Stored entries
******************************

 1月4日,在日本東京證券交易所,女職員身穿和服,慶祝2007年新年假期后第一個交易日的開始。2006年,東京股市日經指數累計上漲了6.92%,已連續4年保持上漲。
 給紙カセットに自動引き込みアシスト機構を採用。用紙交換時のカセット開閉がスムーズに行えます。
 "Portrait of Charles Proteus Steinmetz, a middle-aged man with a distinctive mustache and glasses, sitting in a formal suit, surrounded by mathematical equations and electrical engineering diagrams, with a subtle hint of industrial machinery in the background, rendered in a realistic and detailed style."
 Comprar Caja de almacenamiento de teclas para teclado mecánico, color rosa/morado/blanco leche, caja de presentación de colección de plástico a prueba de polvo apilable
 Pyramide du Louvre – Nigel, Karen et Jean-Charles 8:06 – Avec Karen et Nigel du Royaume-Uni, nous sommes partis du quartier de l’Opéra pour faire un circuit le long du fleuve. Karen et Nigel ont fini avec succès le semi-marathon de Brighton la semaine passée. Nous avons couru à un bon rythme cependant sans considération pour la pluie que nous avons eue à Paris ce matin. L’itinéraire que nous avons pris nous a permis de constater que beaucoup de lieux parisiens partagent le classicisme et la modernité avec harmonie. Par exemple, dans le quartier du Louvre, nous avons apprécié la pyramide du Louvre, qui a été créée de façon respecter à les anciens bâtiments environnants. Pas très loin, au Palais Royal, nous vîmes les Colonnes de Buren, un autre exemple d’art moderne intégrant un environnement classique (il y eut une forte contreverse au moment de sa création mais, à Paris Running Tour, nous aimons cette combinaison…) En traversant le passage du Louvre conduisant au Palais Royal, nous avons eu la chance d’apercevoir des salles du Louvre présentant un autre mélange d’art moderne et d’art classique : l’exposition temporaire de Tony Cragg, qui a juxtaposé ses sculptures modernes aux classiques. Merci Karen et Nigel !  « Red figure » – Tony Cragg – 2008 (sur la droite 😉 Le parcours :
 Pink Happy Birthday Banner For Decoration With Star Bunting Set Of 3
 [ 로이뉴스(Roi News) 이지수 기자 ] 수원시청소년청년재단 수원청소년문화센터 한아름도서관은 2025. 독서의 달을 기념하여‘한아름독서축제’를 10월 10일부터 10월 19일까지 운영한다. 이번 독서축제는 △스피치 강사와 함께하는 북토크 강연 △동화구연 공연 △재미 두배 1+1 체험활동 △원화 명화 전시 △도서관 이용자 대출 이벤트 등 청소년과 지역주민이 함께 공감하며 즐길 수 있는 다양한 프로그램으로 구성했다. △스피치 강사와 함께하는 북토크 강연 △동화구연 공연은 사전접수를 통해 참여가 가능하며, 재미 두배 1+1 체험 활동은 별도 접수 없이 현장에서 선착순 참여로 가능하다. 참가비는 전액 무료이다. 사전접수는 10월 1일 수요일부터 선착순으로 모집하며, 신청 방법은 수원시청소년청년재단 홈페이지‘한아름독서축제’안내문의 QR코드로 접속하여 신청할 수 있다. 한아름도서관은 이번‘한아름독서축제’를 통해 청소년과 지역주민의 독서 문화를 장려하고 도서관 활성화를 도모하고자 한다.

******************************

#### DIRECTIONS FOR THIS TASK
Transcribe all of the records above without altering anything.

#### TASK RESULT
 1月4日,在日本東京證券交易所,女職員身穿和服,慶祝2007年新年假期后第一個交易日的開始。2006年,東京股市日經指數累計上漲了6.92%,已連續4年保持上漲。
 給紙カセットに自動引き込みアシスト機構を採用。用紙交換時のカセット開閉がスムーズに行えます。
 "Portrait of Charles Proteus Steinmetz, a middle-aged man with a distinctive mustache and glasses, sitting in a formal suit, surrounded by mathematical equations and electrical engineering diagrams, with a subtle hint of industrial machinery in the background, rendered in a realistic and detailed style."
 Comprar Caja de almacenamiento de teclas para teclado mecánico, color rosa/morado/blanco leche, caja de presentación de colección de plástico a prueba de polvo apilable
 Pyramide du Louvre – Nigel, Karen et Jean-Charles 8:06 – Avec Karen et Nigel du Royaume-Uni, nous sommes partis du quartier de l’Opéra pour faire un circuit le long du fleuve. Karen et Nigel ont fini avec succès le semi-marathon de Brighton la semaine passée. Nous avons couru à un bon rythme cependant sans considération pour la pluie que nous avons eue à Paris ce matin. L’itinéraire que nous avons pris nous a permis de constater que beaucoup de lieux parisiens partagent le classicisme et la modernité avec harmonie. Par exemple, dans le quartier du Louvre, nous avons apprécié la pyramide du Louvre, qui a été créée de façon respecter à les anciens bâtiments environnants. Pas très loin, au Palais Royal, nous vîmes les Colonnes de Buren, un autre exemple d’art moderne intégrant un environnement classique (il y eut une forte contreverse au moment de sa création mais, à Paris Running Tour, nous aimons cette combinaison…) En traversant le passage du Louvre conduisant au Palais Royal, nous avons eu la chance d’apercevoir des salles du Louvre présentant un autre mélange d’art moderne et d’art classique : l’exposition temporaire de Tony Cragg, qui a juxtaposé ses sculptures modernes aux classiques. Merci Karen et Nigel !  « Red figure » – Tony Cragg – 2008 (sur la droite 😉 Le parcours :
 Pink Happy Birthday Banner For Decoration With Star Bunting Set Of 3
 [ 로이뉴스(Roi News) 이지수 기자 ] 수원시청소년청년재단 수원청소년문화센터 한아름도서관은 2025. 독서의 달을 기념하여‘한아름독서축제’를 10월 10일부터 10월 19일까지 운영한다. 이번 독서축제는 △스피치 강사와 함께하는 북토크 강연 △동화구연 공연 △재미 두배 1+1 체험활동 △원화 명화 전시 △도서관 이용자 대출 이벤트 등 청소년과 지역주민이 함께 공감하며 즐길 수 있는 다양한 프로그램으로 구성했다. △스피치 강사와 함께하는 북토크 강연 △동화구연 공연은 사전접수를 통해 참여가 가능하며, 재미 두배 1+1 체험 활동은 별도 접수 없이 현장에서 선착순 참여로 가능하다. 참가비는 전액 무료이다. 사전접수는 10월 1일 수요일부터 선착순으로 모집하며, 신청 방법은 수원시청소년청년재단 홈페이지‘한아름독서축제’안내문의 QR코드로 접속하여 신청할 수 있다. 한아름도서관은 이번‘한아름독서축제’를 통해 청소년과 지역주민의 독서 문화를 장려하고 도서관 활성화를 도모하고자 한다.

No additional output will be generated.